Microsoft co-founder Bill Gates, who’s currently acting as technical advisor to CEO Satya Nadella, said in an interview this morning that it makes no sense to spin off Bing but that he would support Nadella if the new CEO wanted to spin off Xbox.
In reply to a question about whether there’s an opportunity to create shareholder value by splitting Microsoft into different companies, specifically regarding Bing and Xbox, Gates replied: “Certainly, the Bing technology has been the key to us learning how to do large scale data centers. And Bing lets us see what’s going on on the Internet. … I see that as a pretty fundamental technology for the company.”

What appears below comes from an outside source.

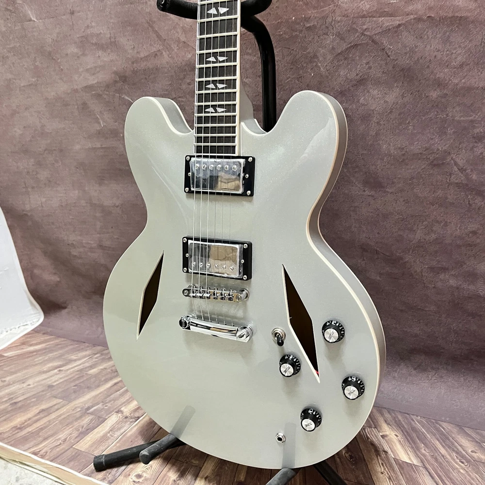 DG335 Style Semi-Hollow Electric Guitar with Maple Body & Silver Rhombic Hole

Gates made his remarks in an interview, alongside Berkshire Hathaway Chairman and CEO Warren Buffett, with FOX Business Network’s Liz Claman.
Microsoft has done some spinoffs historically, Gates said, citing Expedia and Slate, both of which started off at Microsoft.
“We’re thinking about: Are there pieces that are separable,” Gates said. “But our basic research, including the stuff that goes into Bing, I can’t see that making sense to break it off.”
Claman then asked if it made sense to break off Xbox.
Gates said Microsoft is working to bring PC and Xbox gaming closer together, saying: “The power of the PC chip, the graphics chip which means you can do great games there, so I’m sure Satya and the team will look at that and you know it’s up to them. … We’re going to have an overall gaming strategy. So it’s not as obvious as you might think.”
When Claman asked if Gates would support Nadella if Nadella wanted to spin off Xbox, Gates replied: “Absolutely.”
Asked when Microsoft’s Surface tablets would be profitable, Gates said the high-end version of Surface (the Surface Pro), which has better margins, is gaining share.
But “the hardware business — you’re never going to have the kind of profitability you have in the pure software business,” he said. “Understanding where our COGS (cost of goods sold) are going — both for the hardware and these big data centers we’re building — analysts and investors are going to have to watch that a lot more carefully than they did when we were just a pure licensing company.”